A new study from the Pleasanton, Calif.-based Javelin Research + Strategy underlined two facts: digital wallets continue to gain popularity with consumers and, said Javelin analyst Mary Monahan, “This is a fight for credit unions to win—or lose.”
Javelin said that for many consumers, their financial institution is where they want to find their digital wallet solution.
“They trust their financial institutions. Whatever wallet their [credit union] comes up with is the one they will adopt,” Monahan said.
The report also said many financial institutions have lagged in deploying working wallets while non-banks like PayPal and Google have been steadily growing their usage.
“The financial industry narrative is that nobody wants a mobile wallet but that is not true,” said Javelin Research Associate Daniel Van Dyke, a study co-author. “There is a strong incentive to get into this now.

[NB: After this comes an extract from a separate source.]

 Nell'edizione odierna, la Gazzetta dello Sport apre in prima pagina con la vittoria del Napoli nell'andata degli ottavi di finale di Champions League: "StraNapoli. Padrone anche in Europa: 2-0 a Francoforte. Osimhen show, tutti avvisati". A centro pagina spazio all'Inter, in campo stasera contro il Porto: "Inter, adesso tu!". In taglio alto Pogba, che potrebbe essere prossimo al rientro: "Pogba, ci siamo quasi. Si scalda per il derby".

The mobile wallet space is not static.”
The Javelin study also revealed the velocity of the market momentum.
“In the past 90 days, 21% of smartphone owners have used a mobile wallet such as Google Wallet or Apple Passbook,” the study said. “When consumers were polled about using a mobile wallet in the future, 30% of smartphone owners (22% of all consumers) said they were likely or very likely to use a mobile wallet in the next 12 months.”

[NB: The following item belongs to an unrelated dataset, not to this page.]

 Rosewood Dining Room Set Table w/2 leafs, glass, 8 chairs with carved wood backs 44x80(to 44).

The study also said the most likely age group to target for potential users is Gen Y, which consists of consumers between the ages of 25 and 34. Of that group, the study said 34% said they were likely to adopt a mobile wallet in the next 12 months, compared to all consumers at 22%.
Additionally, the study found that 28% of consumers making more than $150,000 annually are likely to adopt mobile wallets in the next year.
“One in three will use a mobile wallet in the next year and if their financial institution does not offer one, they will go elsewhere,” Monahan said.